Два разнородные поэта внесли вдруг два разнородные начала в нашу поэзию; из двух начал вмиг образовалось третье: явился Пушкин. В нем середина. Ни отвлеченной идеальности первого, ни преизобилья сладострастной роскоши второго. Все уравновешено, сжато, сосредоточена, как в русском человеке, который немногоглаголив на передачу ощущенья, но хранит и совокупляет его долго в себе, так что от этого долговременного ношенья оно имеет уже силу взрыва, если выступит наружу. Приведу пример. Поэта поразил вид Казбека, одной из высочайших кавказских гор, на верхушке которой увидел он монастырь, показавшийся ему реющим в небесах ковчегом. У другого поэта полились бы пылкие стихи на несколько страниц. У Пушкина все в десяти строках, и стихотворенье оканчивает он сим внезапным обращением:
Далекий, вожделенный брег!Туда б, сказав «прости» ущелью,Подняться к горной вышине!Туда б, в заоблачную келью,В соседство Бога скрыться мне!Именно одно это мог бы сказать русский человек, в то время как и француз, и англичанин, и немец пустились бы на подробный отчет ощущений. Никто из наших поэтов не был еще так скуп на слова и выраженья, как Пушкин, так не смотрел осторожно за самим собой, чтобы не сказать неумеренного и лишнего, пугаясь приторности того и другого.

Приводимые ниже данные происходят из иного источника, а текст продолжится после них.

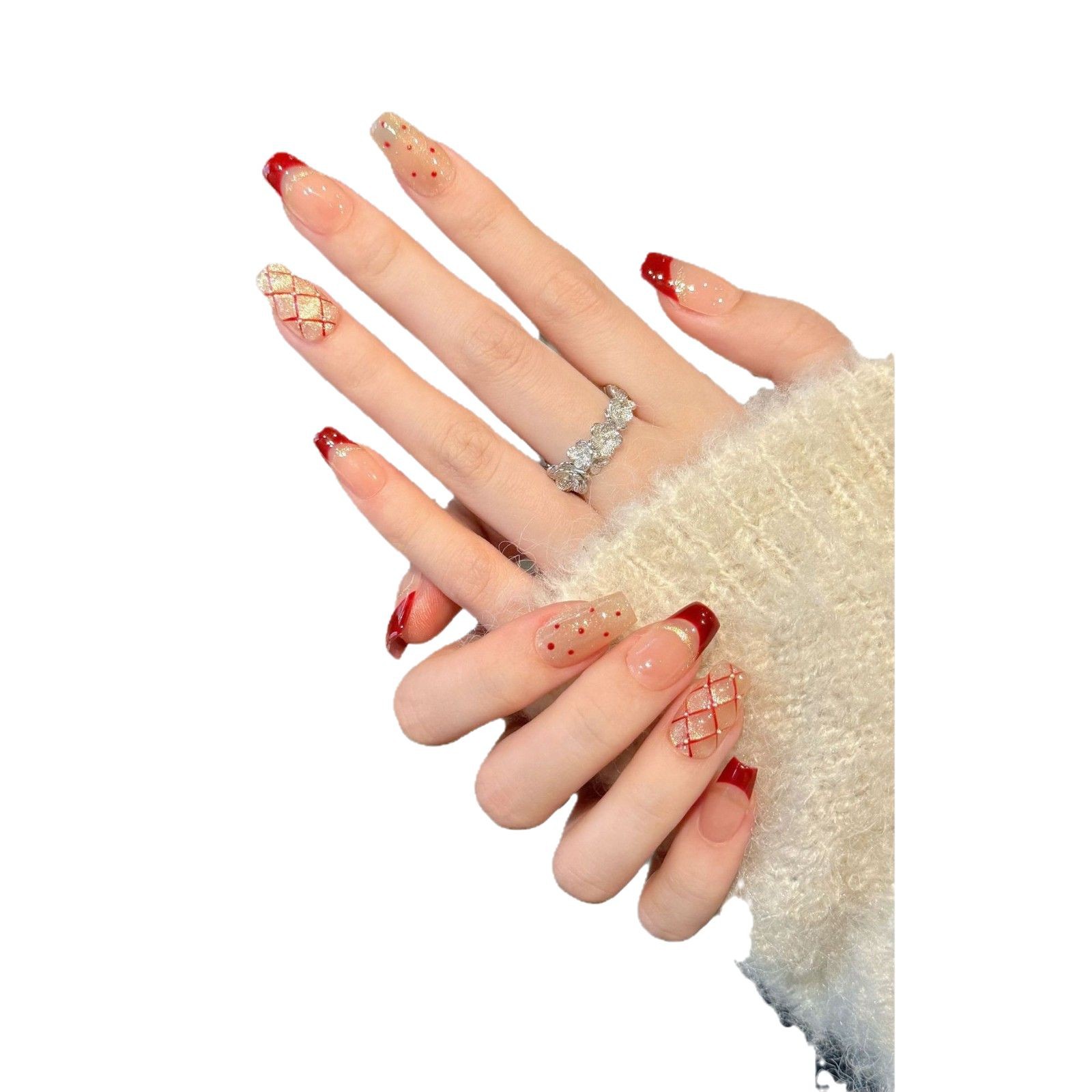 艺禾 秋冬新年款红色波点猫眼格纹法式高级感日常手工穿戴美甲

Что ж было предметом его поэзии? Все стало ее предметом, и ничто в особенности. Немеет мысль перед бесчисленностью его предметов. Чем он не поразился и перед чем он не остановился? От заоблачного Кавказа и картинного черкеса до бедной северной деревушки с балалайкой и трепаком у кабака – везде, всюду: на модном бале, в избе, в степи, в дорожной кибитке – все становится его предметом. На всё, что ни есть во внутреннем человеке, начиная от его высокой и великой черты до малейшего вздоха его слабости и ничтожной приметы, его смутившей, он откликнулся так же, как откликнулся на все, что ни есть в природе видимой и внешней. Все становится у него отдельной картиной; всё предметы его; изо всего, как ничтожного так и великого, он исторгает одну электрическую искру того поэтического огня, который присутствует во всяком творенье Бога, – его высшую сторону, знакомую только поэту, не делая из нее никакого примененья к жизни в потребность человеку, не обнаруживая никому, зачем исторгнута эта искра, не подставляя к ней лестницы ни для кого из тех, которые глухи к поэзии. Ему ни до кого не было дела. Он заботился только о том, чтобы сказать одним одаренным поэтическим чутьем: «Смотрите, как прекрасно творение Бога!» – и, не прибавляя ничего больше, перелетать к другому предмету затем, чтобы сказать также: «Смотрите, как прекрасно Божие творение!» От этого сочинения его представляют явленье изумительное противуречием тех впечатлений, какие они порождают в читателях. В глазах людей весьма умных, но не имеющих поэтического чутья, они – отрывки недосказанные, легкие, мгновенные; в глазах людей, одаренных поэтическим чутьем, они – полные поэмы обдуманные, оконченные, всё заключающие в себе, что им нужно.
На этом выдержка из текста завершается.